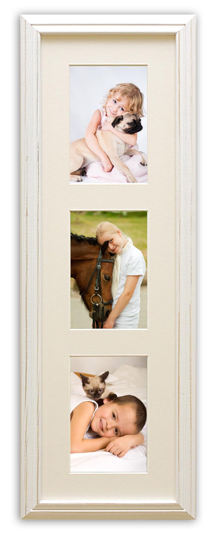 Rama kolażowa z miejscem na 3 zdjęcia z ramą drewnianą inspirowaną stylem vintage z białą podstawą i wytartymi fragmentami, gdzie widać powierzchnię drewna ramki. Nadaje to ramie jej wyjątkowy charakter.
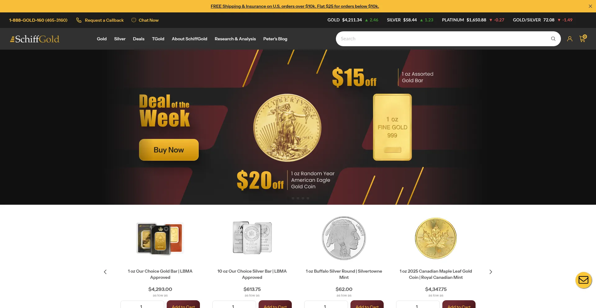 SchiffGold is precious metals dealer specializing in gold and silver bullion. We offer the highest overall value based on price, integrity and experience.
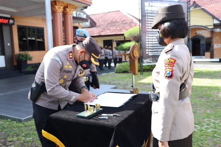 Setelah proses serah terima dan penandatanganan Surat Keputusan alih tugas oleh Kapolres Blitar Kota dari Waka yang lama ke Waka Polres Blitar Kota yang baru, orang nomor satu di Polres Blitar Kota ini melepas cepuk jabatan dari Kompol Pratolo dipasangkan ke Kompol Eusebia Torimtubun Lempitenan.
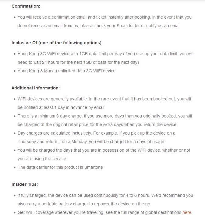 - จำนวน 3G Data ที่ได้คือ 1 GB ต่อ วัน (ชนิดใช้ที่ฮ่องกงอย่างเดียว) และ Unlimit (ชนิดใช้ฮ่องกง+มาเก๊า)
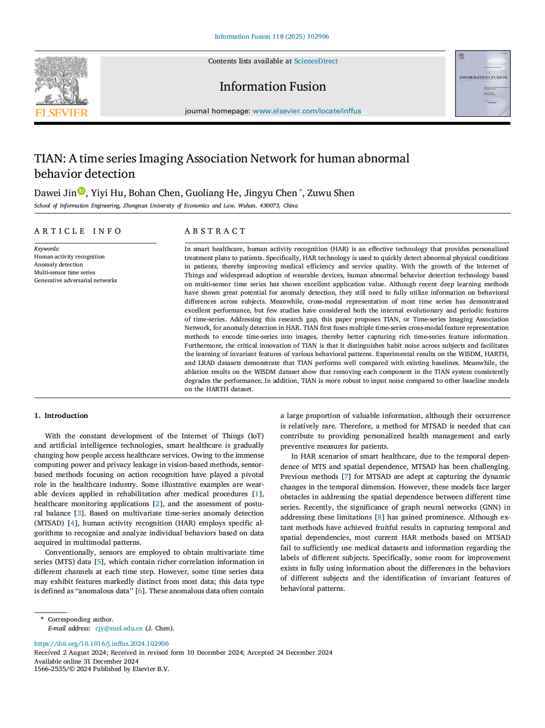 金大卫教授于中科院一区Top期刊《Information Fusion》(A类)上以第一作者发表论文:《TIAN: A time series Imaging Association Network for human abnormal behavior detection》

### [TASK REQUIREMENTS]
Could you print all of the entries above exactly as written, minus the pictures?

### [EXERCISE ANSWER]
 Rama kolażowa z miejscem na 3 zdjęcia z ramą drewnianą inspirowaną stylem vintage z białą podstawą i wytartymi fragmentami, gdzie widać powierzchnię drewna ramki. Nadaje to ramie jej wyjątkowy charakter.
 SchiffGold is precious metals dealer specializing in gold and silver bullion. We offer the highest overall value based on price, integrity and experience.
 Setelah proses serah terima dan penandatanganan Surat Keputusan alih tugas oleh Kapolres Blitar Kota dari Waka yang lama ke Waka Polres Blitar Kota yang baru, orang nomor satu di Polres Blitar Kota ini melepas cepuk jabatan dari Kompol Pratolo dipasangkan ke Kompol Eusebia Torimtubun Lempitenan.
 - จำนวน 3G Data ที่ได้คือ 1 GB ต่อ วัน (ชนิดใช้ที่ฮ่องกงอย่างเดียว) และ Unlimit (ชนิดใช้ฮ่องกง+มาเก๊า)
 金大卫教授于中科院一区Top期刊《Information Fusion》(A类)上以第一作者发表论文:《TIAN: A time series Imaging Association Network for human abnormal behavior detection》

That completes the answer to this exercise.